"Harold," answered Haco, with more than his usual tone of sombre sadness, "I desire now to be thy shield-bearer, for thou must use thine axe with both hands while the day lasts, and thy shield is useless. Wherefore thou strike, and I will shield thee."
"Thou lovest me, then, son of Sweyn; I have sometimes doubted it."
"I love thee as the best part of my life, and with thy life ceases mine: it is my heart that my shield guards when it covers the breast of Harold."
"I would bid thee live, poor youth," whispered Harold; "but what were life if this day were lost? Happy, then, will be those who die!"
Scarce had the words left his lips ere he sprang to the breastworks, and with a sudden sweep of his axe, down dropped a helm that peered above them. But helm after helm succeeds. Now they come on, swarm upon swarm, as wolves on a traveller, as bears round a bark. Countless, amidst their carnage, on they come! The arrows of the Norman blacken the air: with deadly precision, to each arm, each limb, each front exposed above the bulwarks whirrs the shaft. They clamber the palisades, the foremost fall dead under the Saxon axe; new thousands rush on: vain is the might of Harold, vain had been a Harold's might in every Saxon there! The first row of breastworks is forced—it is trampled, hewed, crushed down, cumbered with the dead. "Ha Rou! Ha Rou! Notre Dame! Notre Dame!" sounds joyous and shrill, the chargers snort and leap, and charge into the circle. High wheels in air the great mace of William; bright by the slaughterers flashes the crozier of the Church.
"On, Normans!—Earldom and land!" cries the Duke.
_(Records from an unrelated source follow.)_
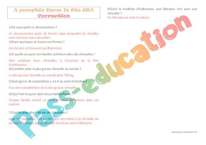 Texte documentaire sur les citrouilles d’halloween (A pumpkin farm in the USA) au Ce1, Ce2, Cm1 et Cm2
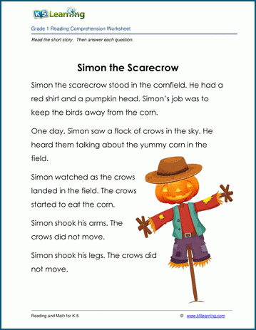 Simon the Scarecrow is a fable for grade 1 students, followed by reading comprehension questions.
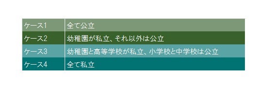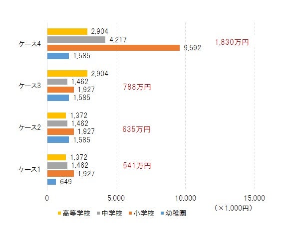 文部科学省から発表されている「子供の学習費調査(平成30年度版)」によると、2018年度における幼稚園から高等学校を卒業するまでの15年間の学習費総額は図表1の通りとなりました。最も学習費がかかるケース4で1,830万円、また最も多いケース3で788万円となります。
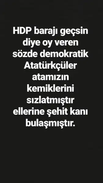 CHP ve diğer partilerin kaybetmesinin belki en büyük sebebi bu. Şehitlerin kanını çiğneyip geçtiler HDPKK adlı terörist partisinin sözde lideri Selahattin Demirtaş özde sahibi abdullah öcalan adlı köpeği desteklediler. Kendi içlerinde ki seslere kulak vermediler. Sözde kurdistan kurmak isteyen Vatan haini şerefsizlerin ekmeğine yağ sürdüler. Yazıklar olsun HDPKK ya oy verenlere. Keşke diğer partilere verseydiniz oyunuzu da o adi parti ye vermeseydiniz.
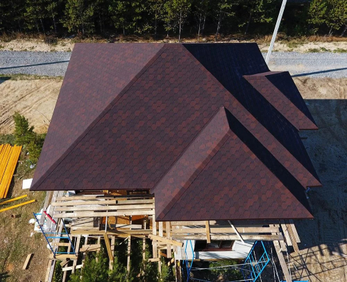 Для четырехскатной крыши выбрал мягкую кровлю. По рекомендациям коллег, материал купил в магазине Кровлягруп. Здесь большой выбор кровельного материала. Доставка прошла без задержки.
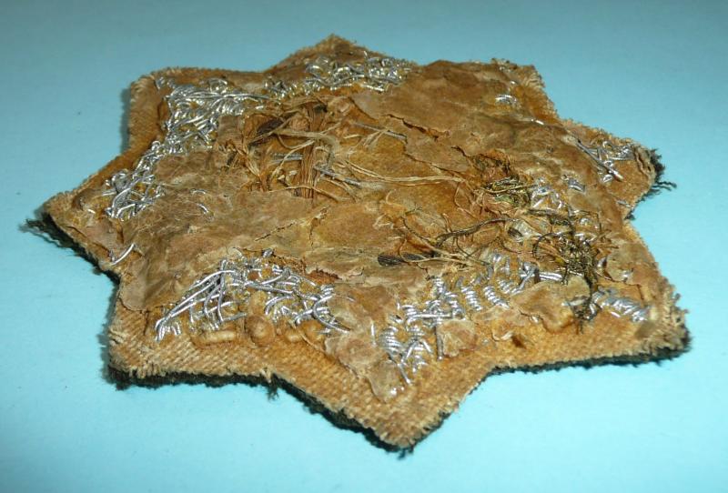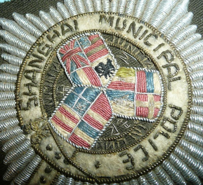 A scarce original pre 1943 period 'Shanghai Municipal Police blazer badge'; large silver wire eight pointed star mounted with gilt wire strap inscribed 'Shanghai Municipal Police'; the centre with multi coloured woven flags of the nations represented in this International Settlement, set on the motto 'Omnia juncta in uno' (All joined together into one), the reverse with partial brown paper backing. Good condition but with minor age wear. Also not all of the small flags are a good representation of the nations, the USA flag is in the wrong colours and silver has been used in place of yellow on a few others but this is typical of hand embroidered items. Circa 102 x 108mm. Rare.
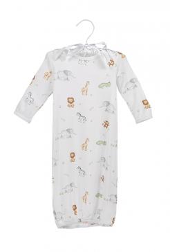 This sack gown features an all-over print of safari animals and coordinates with the Safari Animals Sock Collection. It is made of luxuriously soft bamboo rayon and comes on a white satin padded hanger.
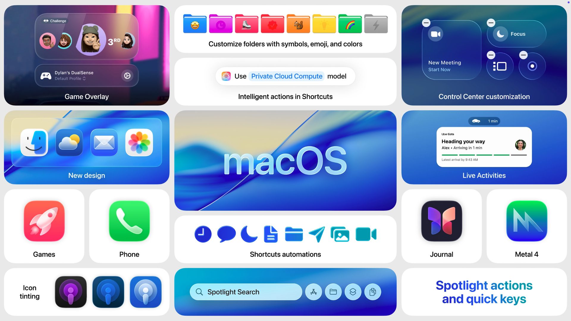 - Games App: Die neue Games App steht wie in iOS 26 und iPadOS 26 auch unter macOS 26 zur Verfügung. Sie bringt innerhalb von laufenden Spielen zudem ein Overlay, das den Zugriff auf die wichtigsten Spiele-Einstellungen sowie die Kommunikation mit Kontakten ermöglicht. Für das Gaming am Mac kommt zudem ab macOS 26 das Grafik-Framework Metal 4 zum Einsatz.
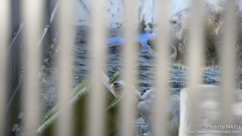 オリーブオイルでテンションが上がったのか(笑)、サブ放飼場の方のプールで激しく遊んでいました。ここのサブ放飼場は檻の隙間が狭く、見えづらい、撮りづらいですが、楽しそうにしている雰囲気は充分伝わってきます。
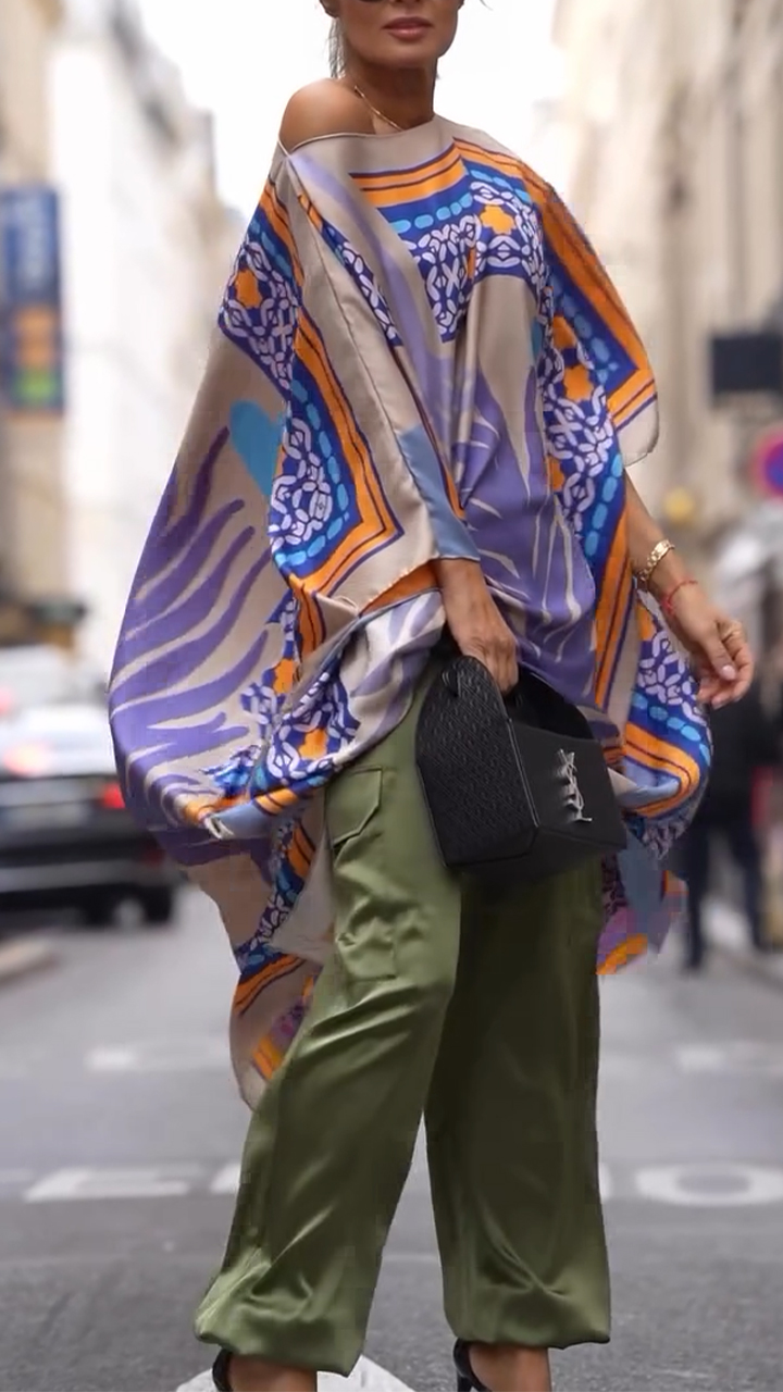 Women's Round Neck Printed Long Loose Casual Top
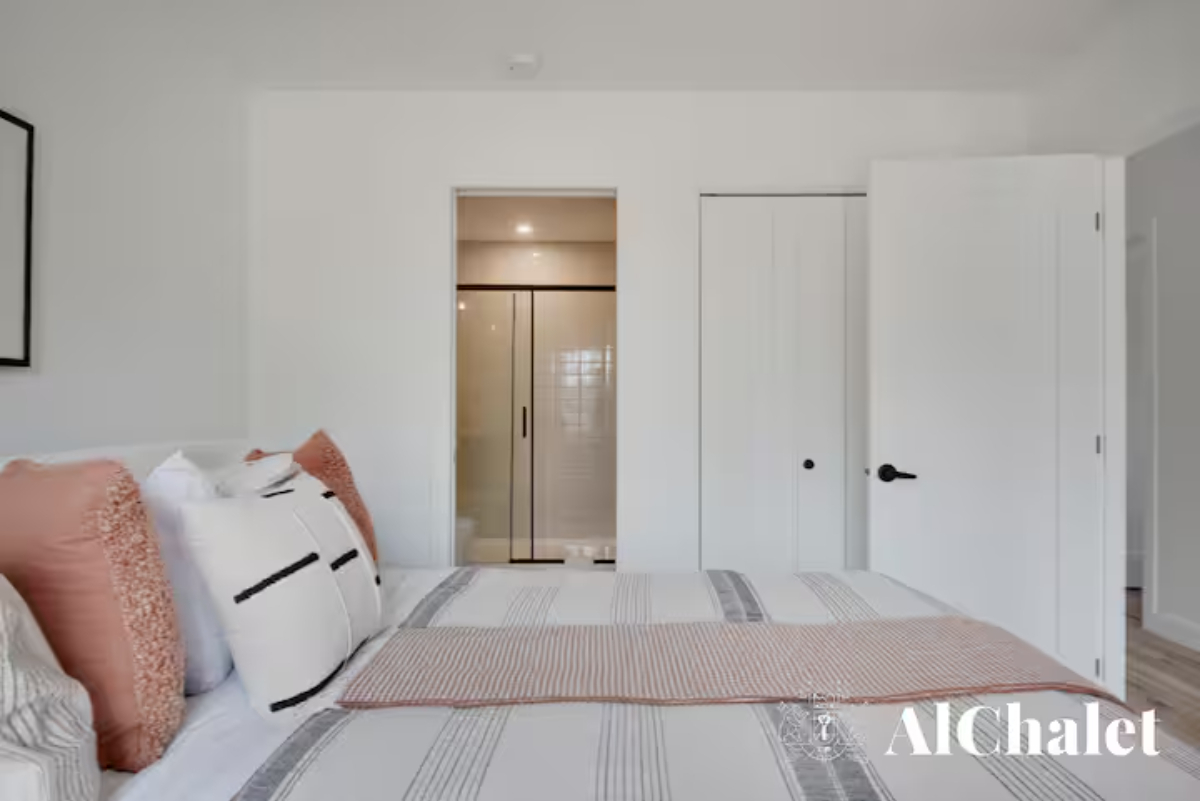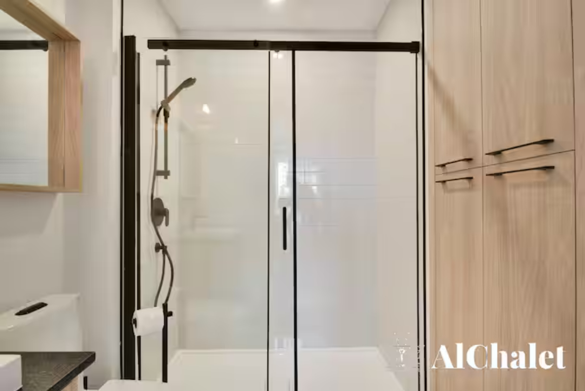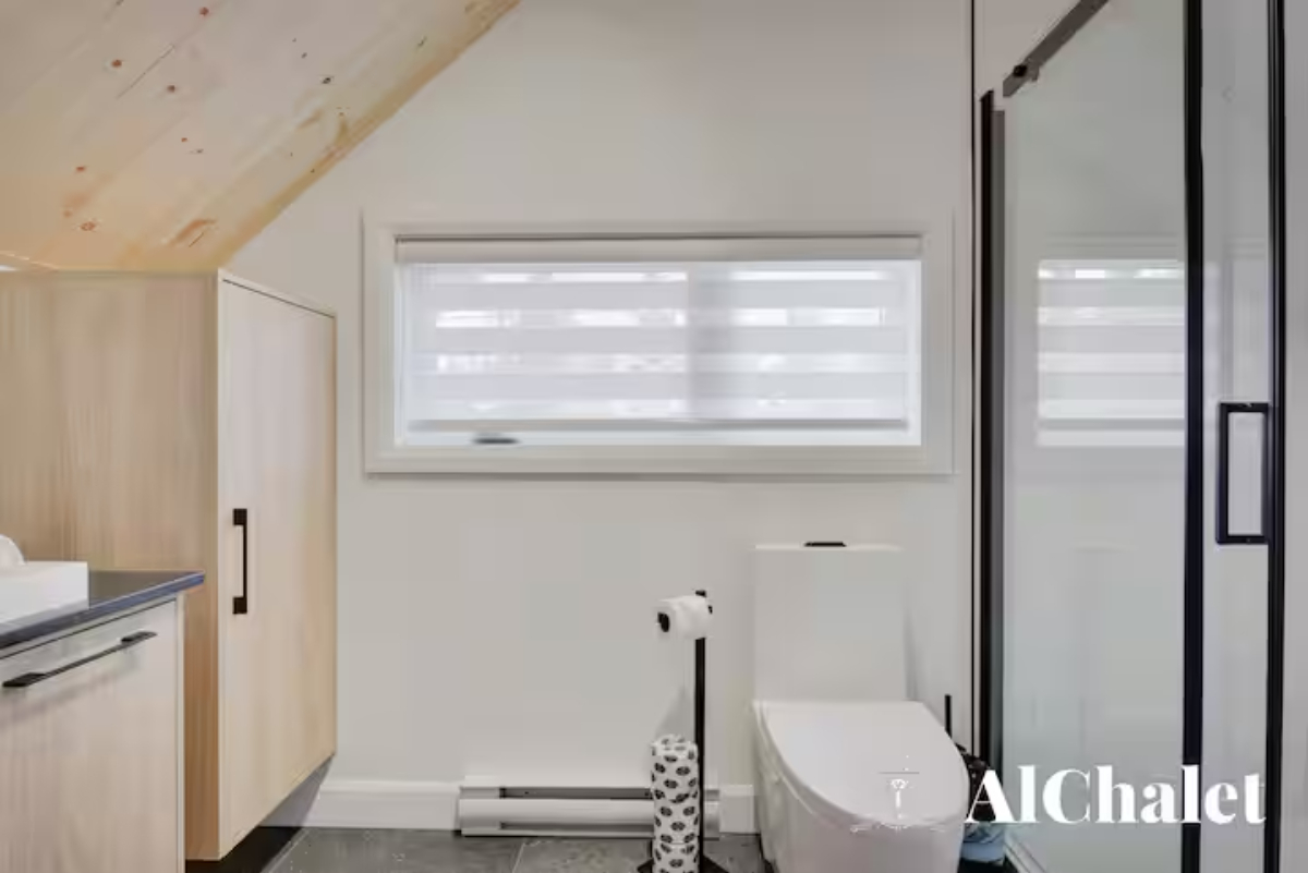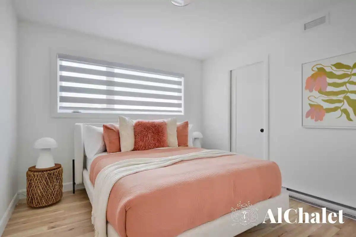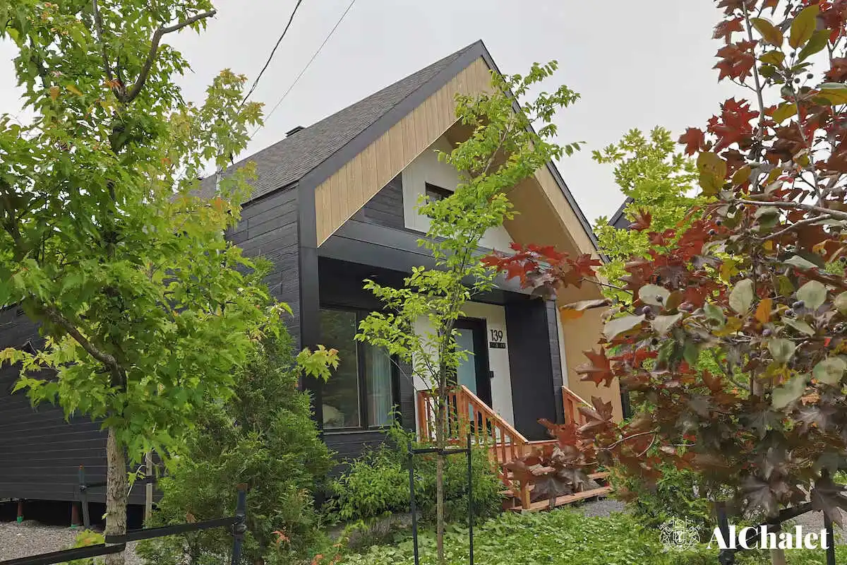Évadez-vous au Chalet Aurora Borealis, un havre où design moderne et touches nordiques fusionnent. Profitez de chambres lumineuses avec lits Queen confortables. Son toit cathédrale en bois naturel inspirent la sérénité. La cuisine ouverte invite à la convivialité avec ses tons de noir élégant et de bois chaleureux.

"On, Sons of the Church! Salvation and heaven!" shouts the voice of
Odo.
The first breastwork down—the Saxons yielding inch by inch, foot by foot, are pressed, crushed back, into the second enclosure. The same rush, and swarm, and fight, and cry, and roar:—The second enclosure gives way. And now in the centre of the third—lo, before the eyes of the Normans, towers proudly aloft, and shines in the rays of the westering sun, broidered with gold, and, blazing with mystic gems, the standard of England's King! And there, are gathered the reserve of the English host; there, the heroes who had never yet known defeat— unwearied they by the battle—vigorous, high-hearted still; and round them the breastworks were thicker, and stronger, and higher, and fastened by chains to pillars of wood and staves of iron, with the waggons and carts of the baggage, and piled logs of timber-barricades at which even William paused aghast, and Odo stifled an exclamation that became not a priestly lip.
Before that standard, in the front of the men, stood Gurth, and Leofwine, and Haco, and Harold, the last leaning for rest upon his axe, for he was sorely wounded in many places, and the blood oozed through the links of his mail.
Live, Harold; live yet, and Saxon England shall not die!